A protection card has four top-level sections. The complete schema is at /specifications/protection-card-schema; this page describes each section’s purpose.

`mode`

Top-level action policy for Safe House on this agent. Shares the four-mode enum (off | observe | nudge | enforce) with the alignment card’s two master switches (autonomy_mode and integrity_mode) — same words, same semantics, same UI picker.
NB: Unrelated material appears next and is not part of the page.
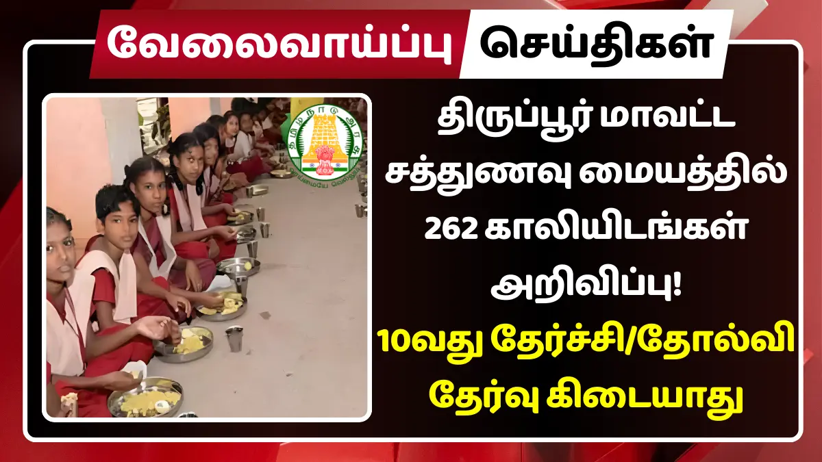 சத்துணவு திட்டத்தின் கீழ் திருப்பூர் மாவட்டத்தில் பள்ளிகளில் செயல்படும் சத்துணவு மையங்களில் காலியாக உள்ள 262 சமையல் உதவியாளர் பணியிடங்களை நேரடி நியமனம் மூலம் நிரப்ப தமிழ்நாடு அரசு அறிவிப்பு வெளியிட்டுள்ளது.

off — detection skipped entirely (cost / latency / non-applicability cases). No telemetry.
observe — all detectors run, signals are logged asynchronously to the trace + reputation pipeline, no action is taken on the agent’s request.
nudge — detectors run synchronously; matches attach an advisory annotation to the agent’s prompt context (and an X-Mnemom-Advisory response header — see the Headers reference) but the request proceeds. The model sees the advisory as part of its context.
enforce — detectors run synchronously; matches block the request (quarantine ≥ quarantine threshold, hard block ≥ block threshold).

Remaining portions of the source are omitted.